## Entries provided:
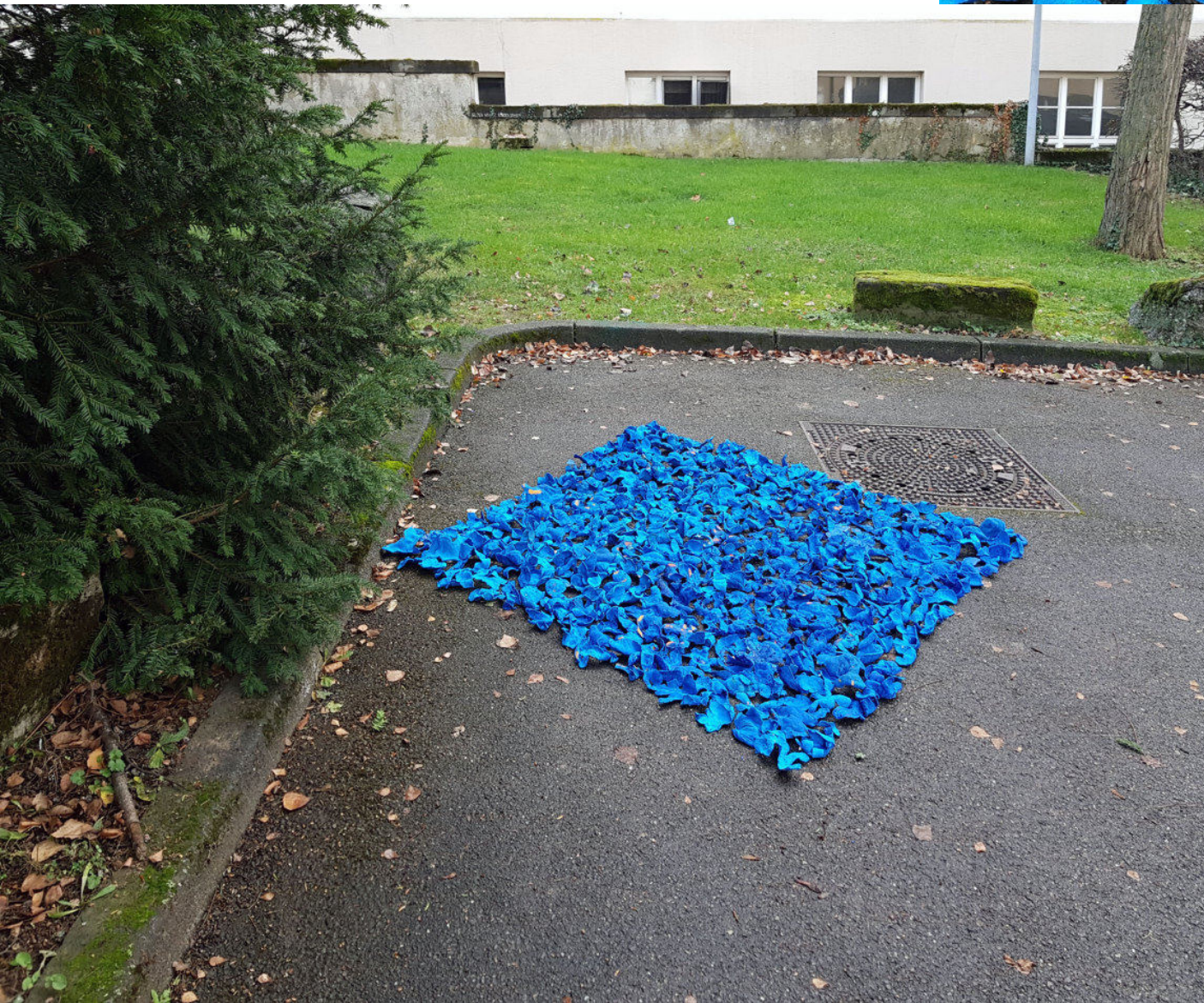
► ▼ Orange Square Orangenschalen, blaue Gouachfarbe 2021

==

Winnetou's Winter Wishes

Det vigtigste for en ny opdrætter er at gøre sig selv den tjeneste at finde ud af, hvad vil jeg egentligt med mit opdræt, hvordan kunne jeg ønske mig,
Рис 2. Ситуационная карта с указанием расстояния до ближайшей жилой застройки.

## Required work:
Your answer should be the lines of the listing above between the line holding "Winnetou's Winter Wishes" and the line holding "Рис 2. Ситуационная", inclusive, restated word for word and alone.

## Response to the task:
Winnetou's Winter Wishes

Det vigtigste for en ny opdrætter er at gøre sig selv den tjeneste at finde ud af, hvad vil jeg egentligt med mit opdræt, hvordan kunne jeg ønske mig,
Рис 2. Ситуационная карта с указанием расстояния до ближайшей жилой застройки.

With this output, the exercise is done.